* Problem requirements *
Working from the data below, write out exactly the lines from its first through the line that contains "Then, as we", both ends included and pictures omitted.

Records drawn from a dataset:
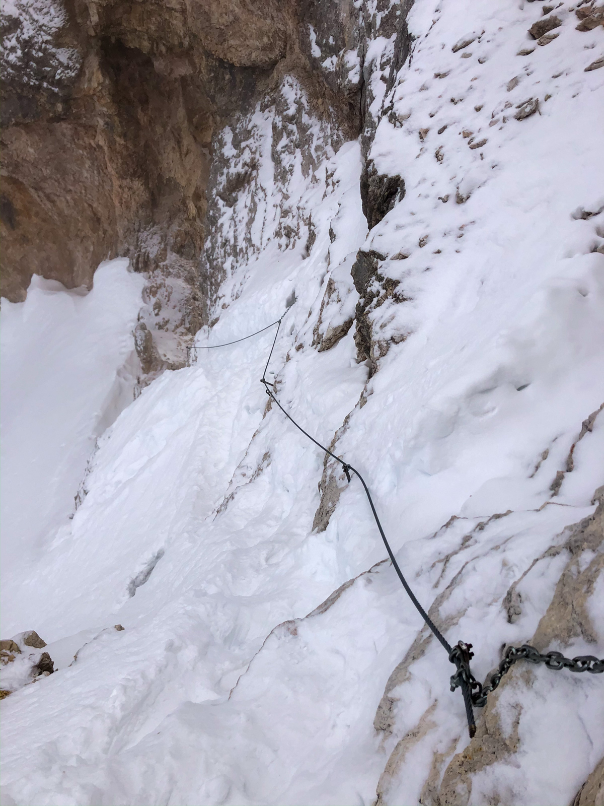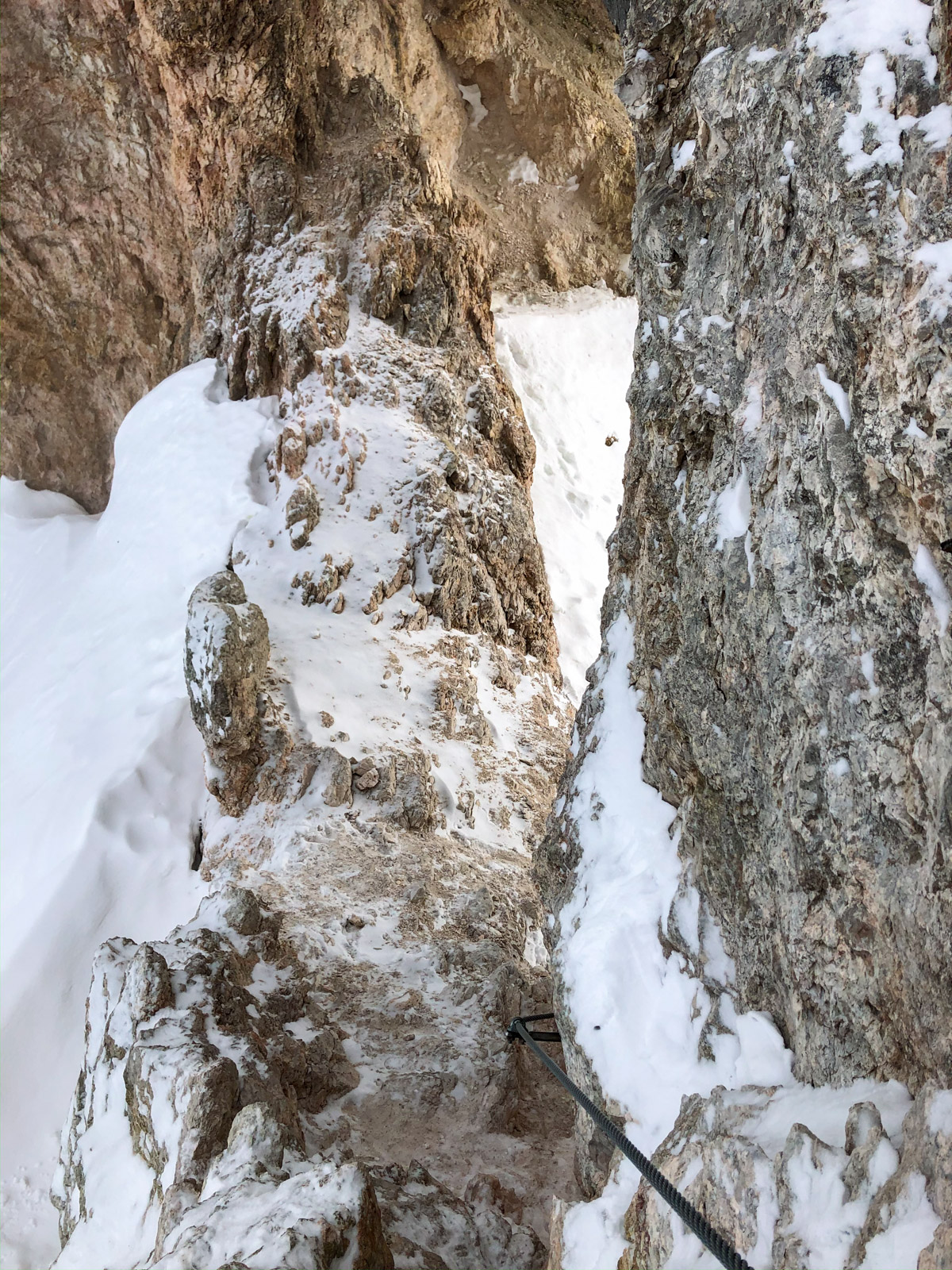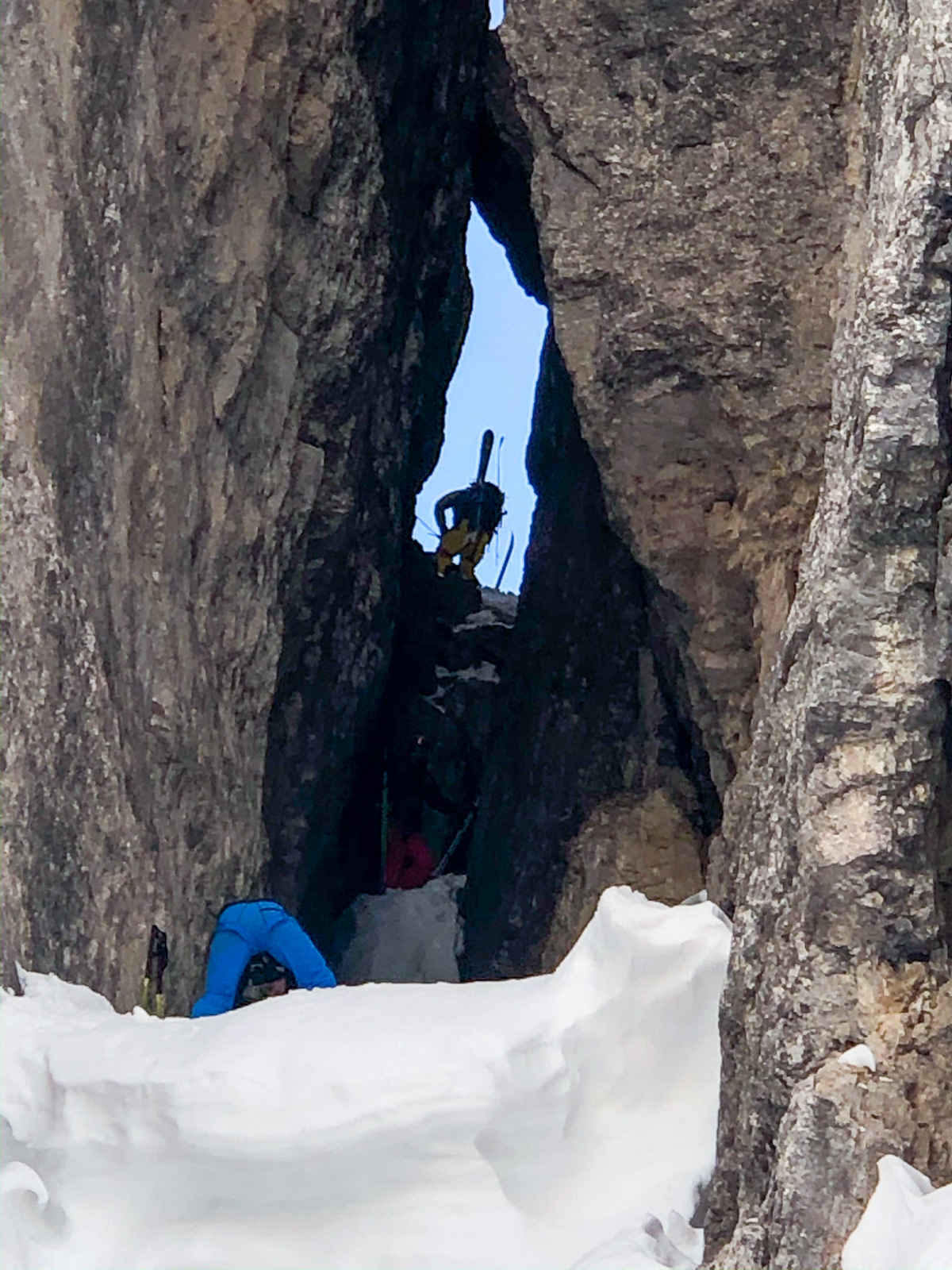 Nous voyageons ainsi dans les vallées voisines grâce au soutien de l’office du tourisme et aux connaissances de Paolo. Les pauses sont courtes, les sorties intenses, la machine à souvenirs est en marche avec le mythique passage du Bus de Tofana, le couloir de la bougie, auxquels nous accédons soit en crampons, soit en via ferrata. Nous quittons clairement notre zone de confort, c’est une première pour toute l’équipe.
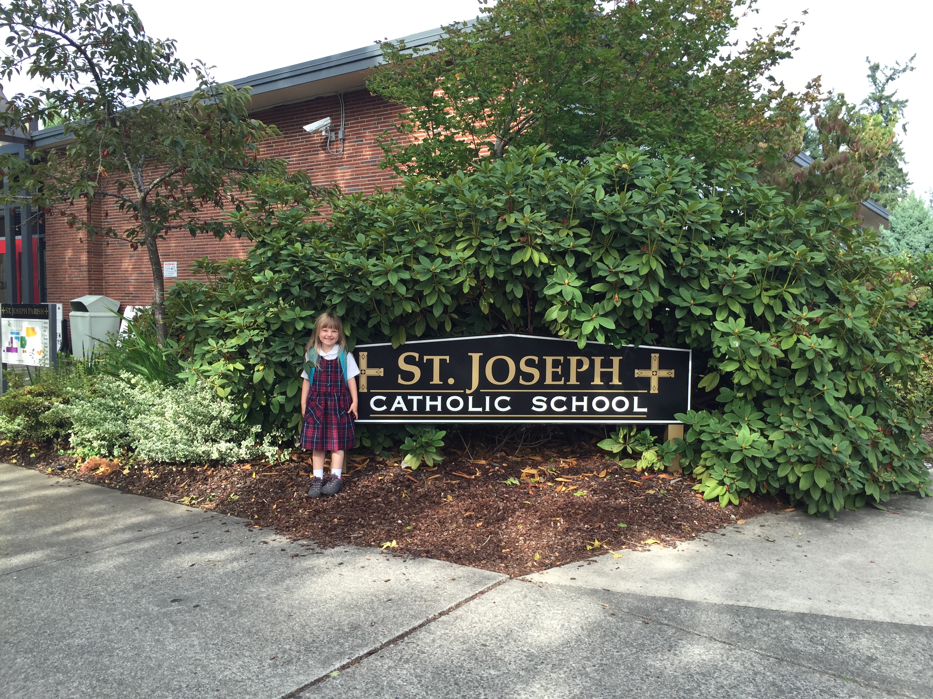 Then, as we left school today, I said, “Love, let’s go take a picture in front of Mary’s grotto. Maybe we can bring flowers tomorrow for your first day at school alone.”
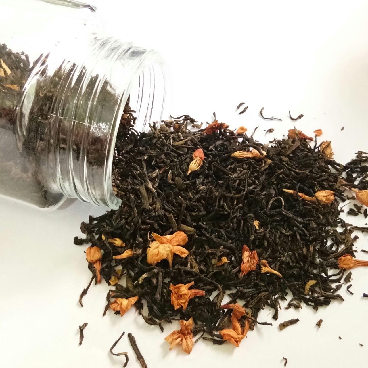 Darjeeling Black whole leaf tea flavored with 100% natural Orange flavor, and blended with mint |
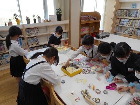 しおりがプレゼントされました。しおりは自分で色を選んだり、好きなシールを
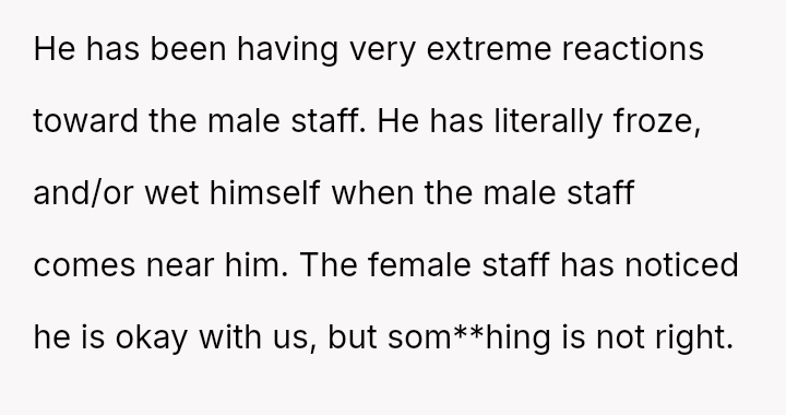The child reacted with extreme distress, including freezing or wetting himself, specifically around male staff members, though he was fine with the female staff.
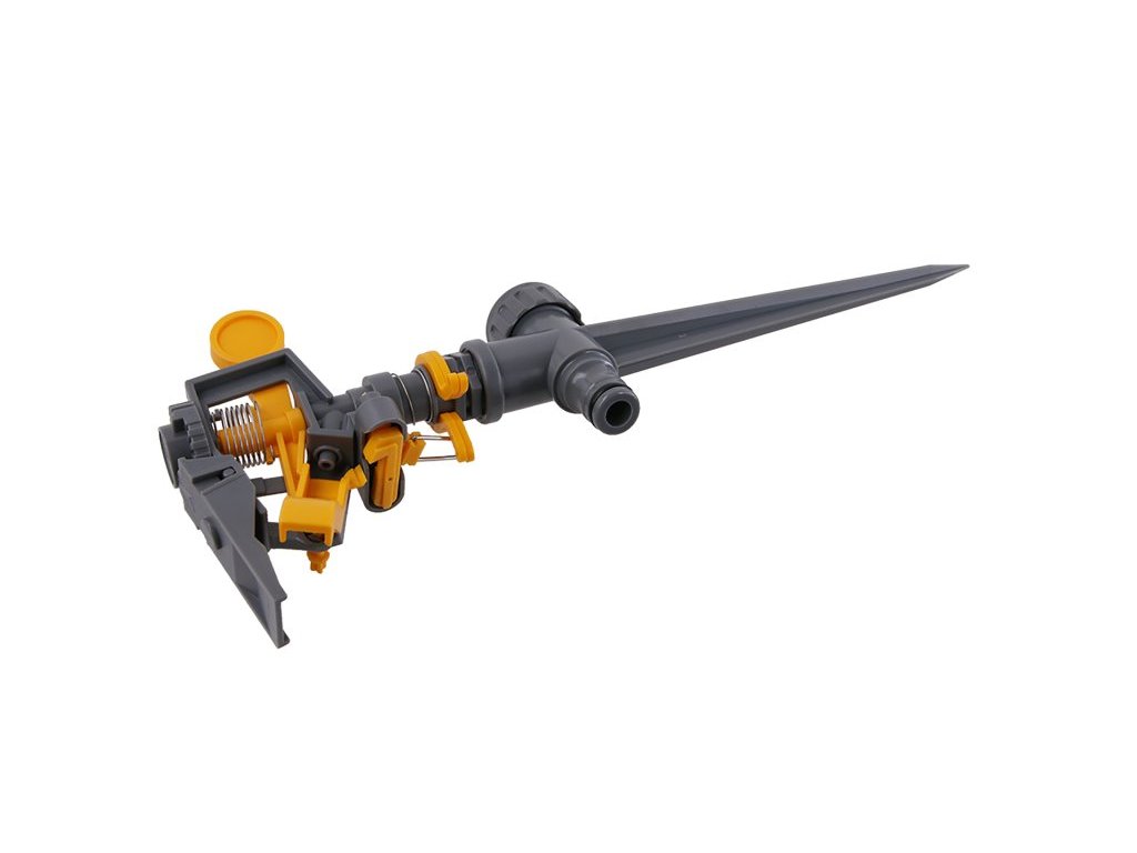 Hrotový dvoucestný impulzní zavlažovač s přípojením hadicovou rychlospojkou. Min.70 kPa a max.550 kPa.

* Exercise output *
 Nous voyageons ainsi dans les vallées voisines grâce au soutien de l’office du tourisme et aux connaissances de Paolo. Les pauses sont courtes, les sorties intenses, la machine à souvenirs est en marche avec le mythique passage du Bus de Tofana, le couloir de la bougie, auxquels nous accédons soit en crampons, soit en via ferrata. Nous quittons clairement notre zone de confort, c’est une première pour toute l’équipe.
 Then, as we left school today, I said, “Love, let’s go take a picture in front of Mary’s grotto. Maybe we can bring flowers tomorrow for your first day at school alone.”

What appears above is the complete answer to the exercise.